[[ Data for analysis open ]]

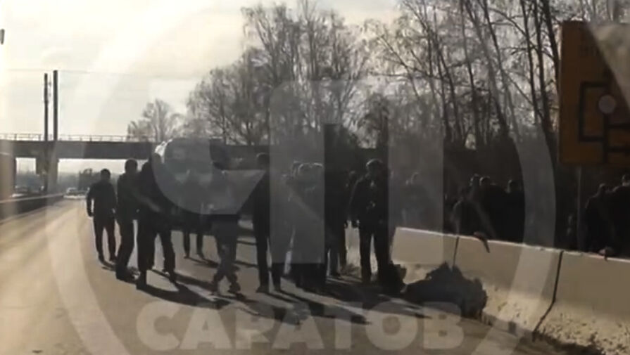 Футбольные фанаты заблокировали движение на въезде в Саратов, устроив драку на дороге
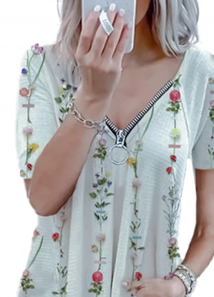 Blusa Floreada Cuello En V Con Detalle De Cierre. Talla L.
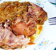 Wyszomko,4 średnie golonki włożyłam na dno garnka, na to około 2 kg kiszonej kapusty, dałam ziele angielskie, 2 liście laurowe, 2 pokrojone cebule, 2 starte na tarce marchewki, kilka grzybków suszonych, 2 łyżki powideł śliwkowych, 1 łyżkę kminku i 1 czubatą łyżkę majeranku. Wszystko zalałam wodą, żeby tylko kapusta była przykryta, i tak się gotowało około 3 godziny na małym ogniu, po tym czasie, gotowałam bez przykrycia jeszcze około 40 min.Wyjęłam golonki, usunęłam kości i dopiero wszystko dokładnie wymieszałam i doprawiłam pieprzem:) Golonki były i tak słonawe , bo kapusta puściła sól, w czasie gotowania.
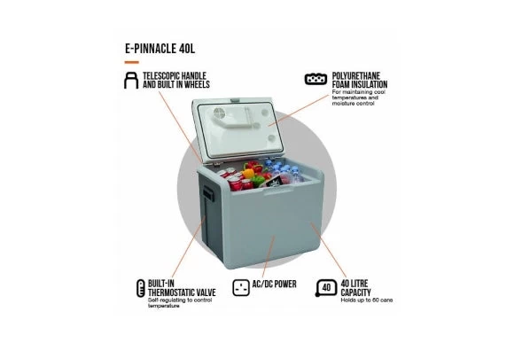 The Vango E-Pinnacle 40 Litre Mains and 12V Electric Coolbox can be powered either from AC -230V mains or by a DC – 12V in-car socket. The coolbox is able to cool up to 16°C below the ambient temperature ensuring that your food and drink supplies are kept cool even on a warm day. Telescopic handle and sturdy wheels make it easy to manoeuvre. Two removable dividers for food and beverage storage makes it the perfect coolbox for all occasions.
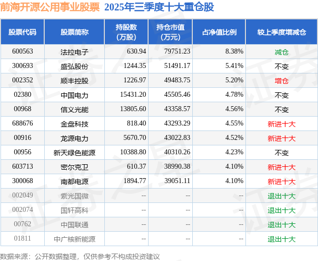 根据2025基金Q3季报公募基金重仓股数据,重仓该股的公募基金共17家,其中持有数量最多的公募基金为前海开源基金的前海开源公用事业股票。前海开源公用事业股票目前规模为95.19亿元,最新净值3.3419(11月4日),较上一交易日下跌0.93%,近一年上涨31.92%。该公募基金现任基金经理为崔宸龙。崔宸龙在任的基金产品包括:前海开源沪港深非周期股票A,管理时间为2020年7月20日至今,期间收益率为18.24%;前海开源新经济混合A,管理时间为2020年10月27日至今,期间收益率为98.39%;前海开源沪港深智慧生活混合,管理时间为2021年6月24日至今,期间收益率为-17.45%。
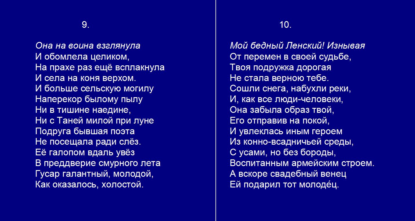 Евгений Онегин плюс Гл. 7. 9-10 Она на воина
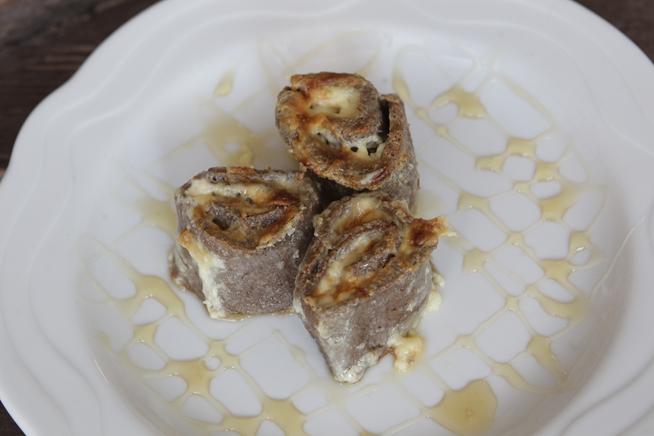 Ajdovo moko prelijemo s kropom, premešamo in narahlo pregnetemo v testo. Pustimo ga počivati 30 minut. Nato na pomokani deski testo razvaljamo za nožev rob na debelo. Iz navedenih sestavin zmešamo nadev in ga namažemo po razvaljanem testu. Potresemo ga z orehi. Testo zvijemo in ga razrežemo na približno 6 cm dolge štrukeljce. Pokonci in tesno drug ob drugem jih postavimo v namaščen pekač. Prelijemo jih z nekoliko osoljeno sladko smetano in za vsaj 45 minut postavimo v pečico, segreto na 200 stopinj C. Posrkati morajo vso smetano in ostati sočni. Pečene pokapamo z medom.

[[ Data for analysis closed ]]
[[ Data for analysis open ]]

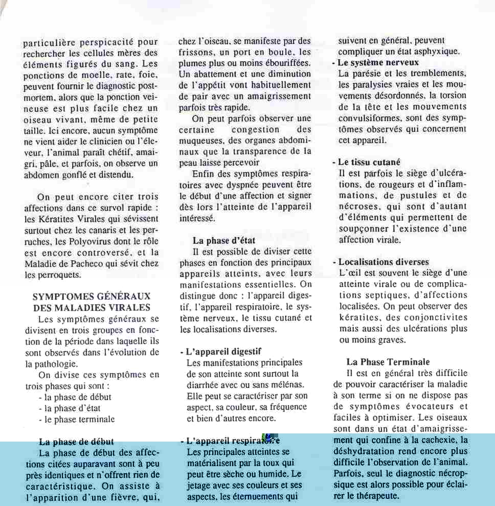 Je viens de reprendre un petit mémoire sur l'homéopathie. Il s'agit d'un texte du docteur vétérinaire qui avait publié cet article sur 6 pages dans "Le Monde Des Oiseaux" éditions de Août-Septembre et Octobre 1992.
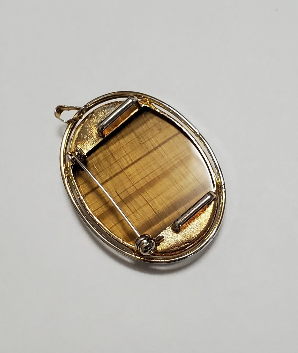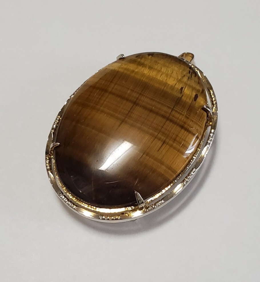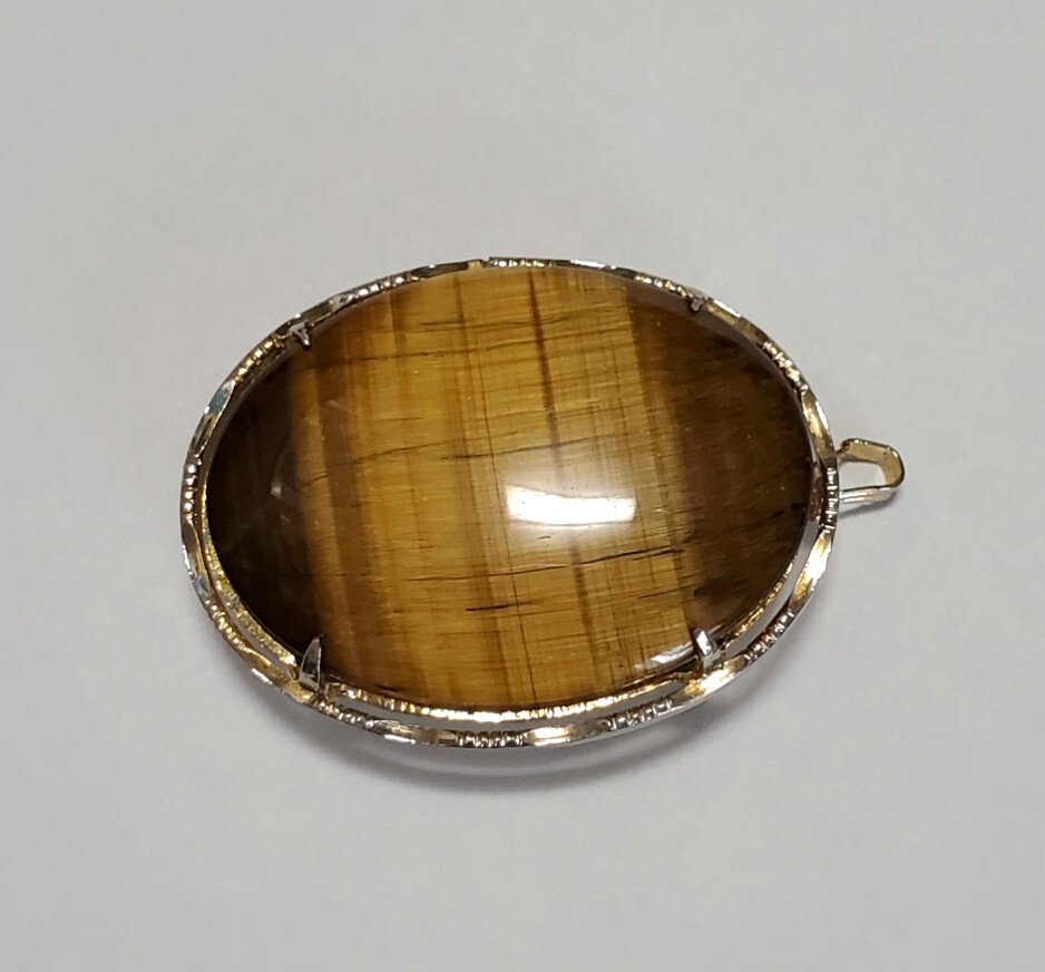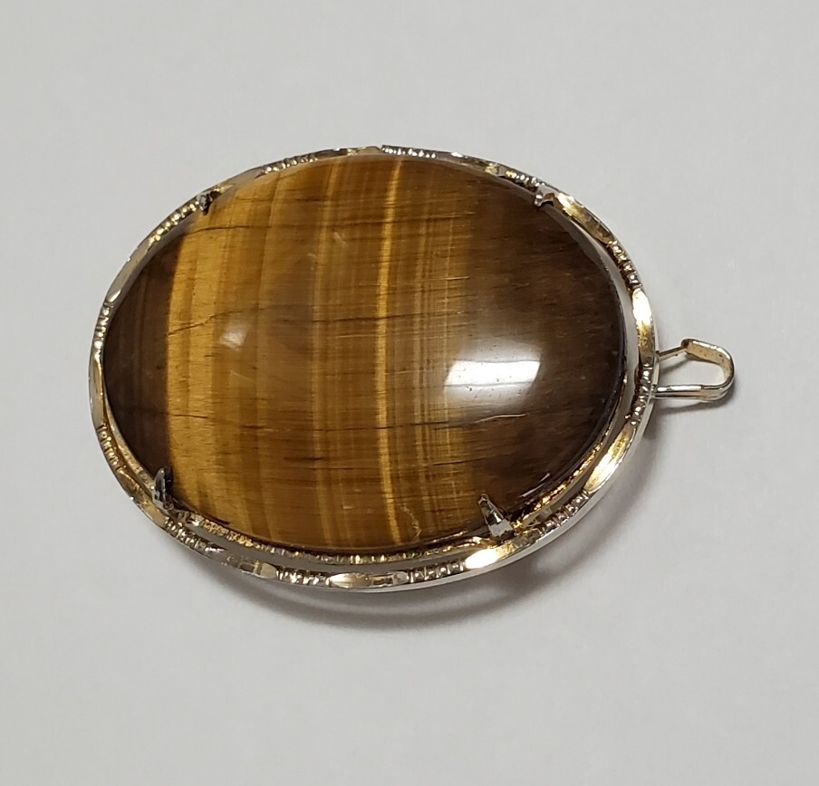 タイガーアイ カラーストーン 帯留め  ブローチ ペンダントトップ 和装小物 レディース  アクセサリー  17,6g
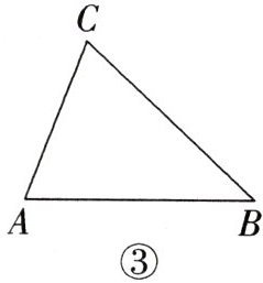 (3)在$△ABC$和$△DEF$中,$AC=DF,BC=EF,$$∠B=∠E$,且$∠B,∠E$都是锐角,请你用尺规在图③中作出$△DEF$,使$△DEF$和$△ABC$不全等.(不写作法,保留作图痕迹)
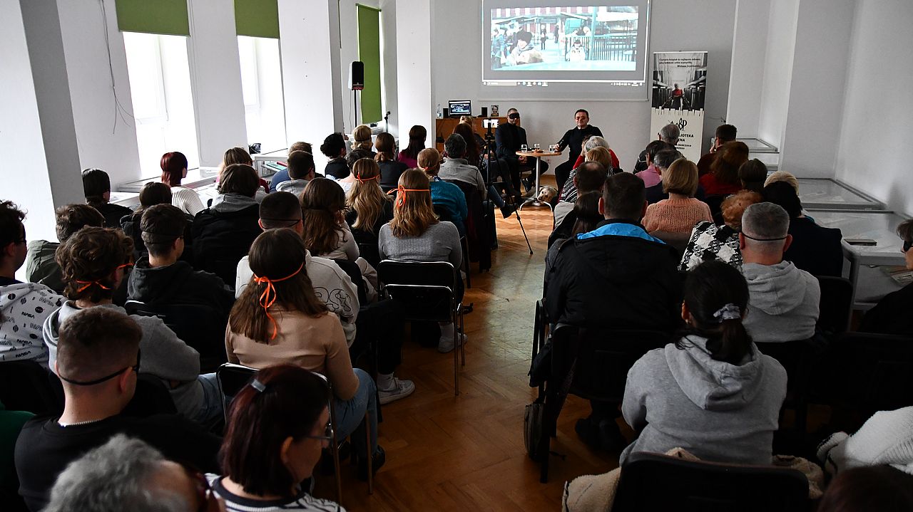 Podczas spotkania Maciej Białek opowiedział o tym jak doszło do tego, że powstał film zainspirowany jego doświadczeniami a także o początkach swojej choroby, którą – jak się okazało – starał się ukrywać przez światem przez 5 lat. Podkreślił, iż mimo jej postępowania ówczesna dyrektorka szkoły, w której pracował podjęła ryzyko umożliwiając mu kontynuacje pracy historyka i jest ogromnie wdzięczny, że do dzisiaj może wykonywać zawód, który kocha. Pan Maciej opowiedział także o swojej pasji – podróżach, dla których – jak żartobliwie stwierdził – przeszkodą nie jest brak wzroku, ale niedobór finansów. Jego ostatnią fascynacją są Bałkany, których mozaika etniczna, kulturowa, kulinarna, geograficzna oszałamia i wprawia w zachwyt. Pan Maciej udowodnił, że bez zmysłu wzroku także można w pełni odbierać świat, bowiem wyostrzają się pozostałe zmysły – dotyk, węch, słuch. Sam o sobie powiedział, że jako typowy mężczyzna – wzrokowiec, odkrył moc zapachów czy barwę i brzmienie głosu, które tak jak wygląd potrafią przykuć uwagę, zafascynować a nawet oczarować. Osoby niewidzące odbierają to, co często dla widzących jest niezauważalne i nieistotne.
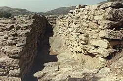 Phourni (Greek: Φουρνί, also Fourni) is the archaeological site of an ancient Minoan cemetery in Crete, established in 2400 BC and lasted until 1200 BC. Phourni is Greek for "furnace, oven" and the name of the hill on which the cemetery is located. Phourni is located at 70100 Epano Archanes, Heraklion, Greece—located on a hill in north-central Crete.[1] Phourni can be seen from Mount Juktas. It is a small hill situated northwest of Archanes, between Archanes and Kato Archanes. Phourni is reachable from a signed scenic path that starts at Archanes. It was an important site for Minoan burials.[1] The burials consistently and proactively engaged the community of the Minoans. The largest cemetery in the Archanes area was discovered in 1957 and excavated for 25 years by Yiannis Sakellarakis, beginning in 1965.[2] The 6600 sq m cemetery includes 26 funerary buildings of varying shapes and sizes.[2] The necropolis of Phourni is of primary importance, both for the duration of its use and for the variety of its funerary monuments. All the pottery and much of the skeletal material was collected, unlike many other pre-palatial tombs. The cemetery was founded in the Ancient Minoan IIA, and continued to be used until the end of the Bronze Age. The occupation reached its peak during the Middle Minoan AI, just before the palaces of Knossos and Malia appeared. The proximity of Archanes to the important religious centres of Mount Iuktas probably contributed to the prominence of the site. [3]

[[ Data for analysis closed ]]

Precisely those lines above that run from the line with "根据2025基金Q3季报公募" up to and including the line with "Евгений Онегин плюс Гл. 7. 9-10 Она на воина" are to be set down, with the pictures omitted.

Answer box:
 根据2025基金Q3季报公募基金重仓股数据,重仓该股的公募基金共17家,其中持有数量最多的公募基金为前海开源基金的前海开源公用事业股票。前海开源公用事业股票目前规模为95.19亿元,最新净值3.3419(11月4日),较上一交易日下跌0.93%,近一年上涨31.92%。该公募基金现任基金经理为崔宸龙。崔宸龙在任的基金产品包括:前海开源沪港深非周期股票A,管理时间为2020年7月20日至今,期间收益率为18.24%;前海开源新经济混合A,管理时间为2020年10月27日至今,期间收益率为98.39%;前海开源沪港深智慧生活混合,管理时间为2021年6月24日至今,期间收益率为-17.45%。
 Евгений Онегин плюс Гл. 7. 9-10 Она на воина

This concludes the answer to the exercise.